We found that Pearson’s correlation between GEBVs from I + GA-model and I + GA + GAA-model was high (0.94) compared to the correlation between GEBVs and genomic estimated epistatic values (0.65). Accordingly, differences were also evidenced in a change of ranking between lines with superior additive value (based on GEBVs) and lines with superior total genetic value (based on GEBVs plus genomic estimated epistatic values), indicating that the use of I + GA + GAA-model to predict lines with higher total genetic value led to a different selection of candidate lines than using the I + GA-model. These differences could be exploited by addressing the selection of crossing parents based on the I + GA-model predictions and commercial varieties based on the I + GA + GAA-model predictions.

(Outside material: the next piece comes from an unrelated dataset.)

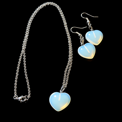 This heart-shaped necklace and earring set are a beautiful translucent milky white with a blue hue. Opalite is a man-made out of real gemstones; dolomite, quartz, and sometimes fluorite. The gemstones stones are compressed together and then tumbled to smoothness. Each heart is an elegant white and blue color with an iridescent glow.

As reflected by the LOO CV, the current study confirms the potential of increasing the PA for total genetic merit by including epistasis in GS models. Importantly, the differences found for I + GA-model and I + GA + GAA-model must not be interpreted as exclusive for the NOIA parametrization since other codings such as for EG-BLUP based on Su et al. (2012) or Martini et al. (2016) are equivalent in the current scenario (Joshi et al. 2020). Further studies are required to: (i) investigate the influence of genetic relationships on the performance of epistatic predictions and develop CVs schemes that allow to capitalize the benefit of epistatic models in wheat breeding programs, (ii) develop breeding programs that consider more elaborate mating schemes in order to improve the genetic relationships between breeding cycles, and (iii) develop a GP model in which the inclusion of pairwise interaction effects has minimal impact on the estimates of additive effects and their variance.

Conclusions

In this research, we found that the orthogonal partition of genetic variances into additive and additive-by-additive epistatic effects was not possible. Nevertheless, including additive-by-additive epistasis in a genomic prediction model increased predictive ability for total genetic merit significantly (16.5%) compared to an additive genomic-based model in a leave-one-line-out cross-validation. The advantage of including epistasis in predictive ability was not observed for a leave-one-breeding-cycle-out cross-validation. Further studies are required to: (i) investigate the influence of genetic relationships on the performance of epistatic predictions and develop CVs schemes that allow to capitalize the benefit of epistatic models in wheat breeding programs, (ii) develop breeding programs that consider more elaborate mating schemes in order to improve the genetic relationships between breeding cycles, and (iii) develop a GP model in which the inclusion of pairwise interaction effects has minimal impact on the estimates of additive effects and their variance.